The next cell calculates the fit parameters. 



In [None]:
# Once again, define a straight line model function.
def StrtLineModel(x, m, c):
    y_lin = m*x + c
    return (y_lin)

# Call the fitting function, which returns two objects. The variables 'popt' and 'pcov' 
# are called this by convention but any names would do.
popt, pcov = curve_fit(StrtLineModel, x, y, sigma = yerror, absolute_sigma = True)

# Calculate the accuracy of the returned parameters
perr = np.sqrt(np.diag(pcov)) # squares of the error values are 
                              # on the covariance matrix diagonal
    
# For readability, extract values from popt and perr into named variables
m_fit = popt[0]
c_fit = popt[1]
m_err = perr[0]
c_err = perr[1]

#print fit parameters and 1-sigma estimates
print('fit parameter 1-sigma error')
print('***************************************************')
print (f'm = {m_fit:.2f} +- {m_err:.2f}')
print (f'c = {c_fit:.2f} +- {c_err:.2f}')
print('***************************************************')

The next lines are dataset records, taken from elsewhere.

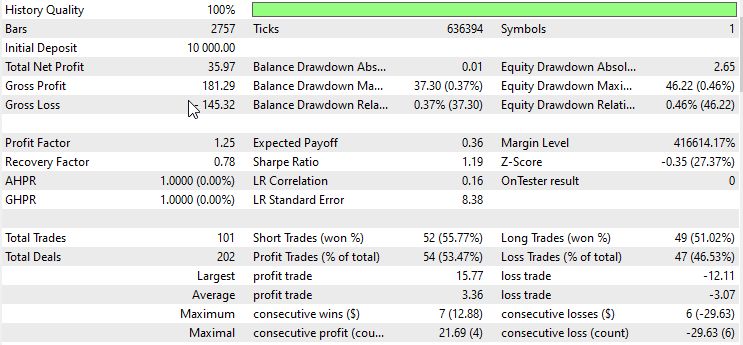 За тестовый период советник совершил 101 сделку: 52 коротких (55.77% прибыльных) и 49 длинных (51.02% прибыльных). Общий процент прибыльных сделок — 53.47% (54 из 101), убыточных — 46.53% (47 из 101).
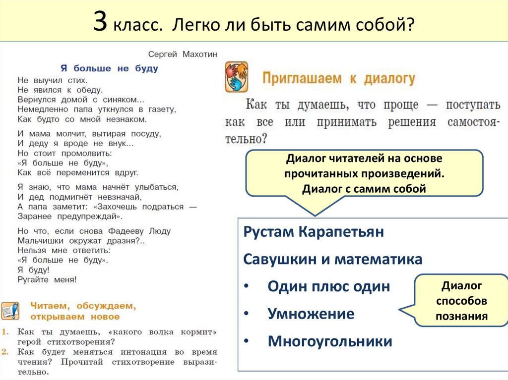 3 класс. Легко ли быть самим собой?Диалог читателей на основе
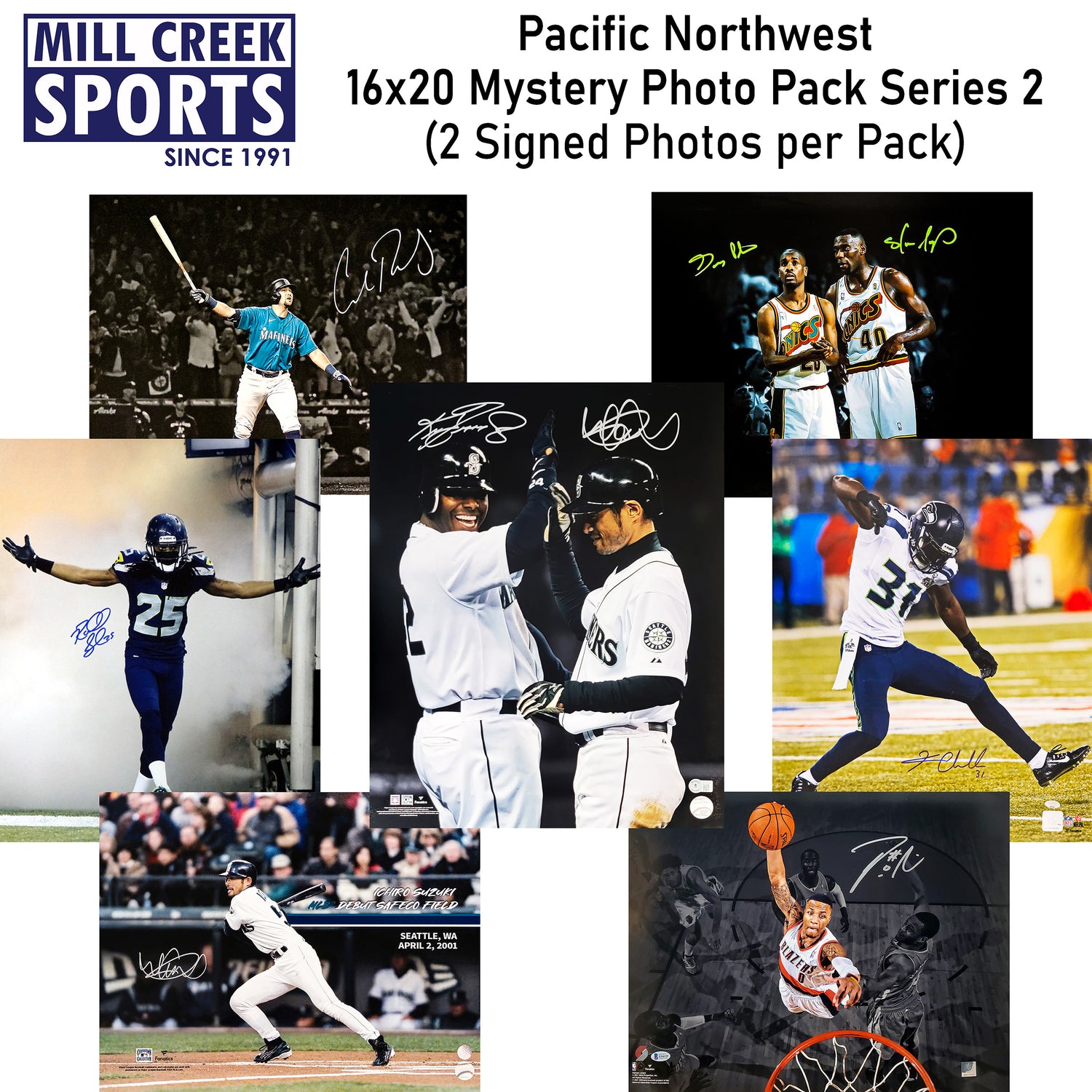 Introducing the Pacific Northwest Autographed 16x20 Mystery Photo Pack – Series 2 from Mill Creek Sports! This exclusive mystery pack features two randomly inserted autographed 16x20 photos from legendary Pacific Northwest athletes. Guaranteed: At least one photo will be signed by a Hall of Famer, World Champion, All-Star, or Award Winner.

## 4.1 Exercise - plot fitted line

Having calculated the new fit parameters, create a new plot showing the data points with error bars, together with the fitted line. 

Enter your solution in the next cell.  Once plotted, compare this with the original fit from Sections 2 and 3.

In [None]:
# Write your solution here



## 4.2 Confidence bounds or limits

Now that we have values in `perr` for the errors on the gradient and the intercept we can use this information to show a set of confidence limits around the best fit line.

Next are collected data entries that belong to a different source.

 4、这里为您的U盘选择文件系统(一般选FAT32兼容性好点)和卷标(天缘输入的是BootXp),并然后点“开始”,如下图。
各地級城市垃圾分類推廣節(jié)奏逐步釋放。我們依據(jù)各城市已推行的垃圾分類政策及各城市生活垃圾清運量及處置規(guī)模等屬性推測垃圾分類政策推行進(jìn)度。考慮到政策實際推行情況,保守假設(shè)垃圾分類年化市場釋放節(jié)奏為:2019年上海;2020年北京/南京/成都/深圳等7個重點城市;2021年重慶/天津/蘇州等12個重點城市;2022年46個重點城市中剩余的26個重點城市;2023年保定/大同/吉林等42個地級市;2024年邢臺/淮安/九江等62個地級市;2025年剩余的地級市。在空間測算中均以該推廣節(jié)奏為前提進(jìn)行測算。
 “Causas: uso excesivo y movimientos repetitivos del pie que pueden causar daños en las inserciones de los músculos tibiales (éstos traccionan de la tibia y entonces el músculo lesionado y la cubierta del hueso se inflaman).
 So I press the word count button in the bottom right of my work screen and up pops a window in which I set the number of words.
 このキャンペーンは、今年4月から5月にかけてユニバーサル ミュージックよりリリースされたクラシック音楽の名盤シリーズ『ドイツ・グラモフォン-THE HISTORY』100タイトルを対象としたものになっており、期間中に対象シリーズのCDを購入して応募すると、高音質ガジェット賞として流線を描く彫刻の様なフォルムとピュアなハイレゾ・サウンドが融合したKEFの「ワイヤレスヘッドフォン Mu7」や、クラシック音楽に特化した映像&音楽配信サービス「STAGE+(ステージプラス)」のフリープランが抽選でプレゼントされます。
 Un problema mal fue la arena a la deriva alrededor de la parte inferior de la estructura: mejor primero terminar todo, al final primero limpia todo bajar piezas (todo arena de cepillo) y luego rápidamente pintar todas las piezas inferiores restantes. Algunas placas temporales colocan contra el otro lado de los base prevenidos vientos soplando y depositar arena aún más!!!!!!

For this example, the upper and lower limit lines are calculated using the upper and lower values of the intercept, and the upper and lower values of the gradient.

In [None]:
# prepare confidence level line limits
nstd = 1.0 # to draw 1 sigma interval

# Calculate m and c values for upper and lower limit lines
# These are NumPy arrays so can carry out array calculations on them
# - print them out if you want, to inspect the contents
popt_upper = popt + nstd*perr
popt_lower = popt - nstd*perr

# Calculate y values of the fitted line
y_fit = StrtLineModel(x, *popt)

# Calculate y values of upper and lower bound lines
fit_upper = StrtLineModel(x, *popt_upper)
fit_lower = StrtLineModel(x, *popt_lower)

# To make a labelled plot, need access to the 
# figure and axes objects:
fig, ax = plt.subplots(1)

# Set plot parameters
plt.rcParams['xtick.labelsize'] = 18
plt.rcParams['ytick.labelsize'] = 18
plt.rcParams['font.size'] = 2

# axis labels and title
plt.xlabel('x', fontsize = 18)
plt.ylabel('y', fontsize = 18)
plt.title('x vs y with best fit line and 1 sigma confidence', fontsize = 18)

# plot the best fit line, data points and error bars
plt.plot(x, y_fit, 'r', lw = 2, label = 'Best fit line')
plt.plot(x, y, 'o', lw = 2, label = 'Data points')
plt.errorbar(x, y, yerr = yerror, capsize = 5, fmt = 'none', ecolor = 'k', label = 'Errors')

# Draw shaded area between upper and lower limit lines
ax.fill_between(x, fit_upper, fit_lower, alpha = .25, label = '1-sigma interval')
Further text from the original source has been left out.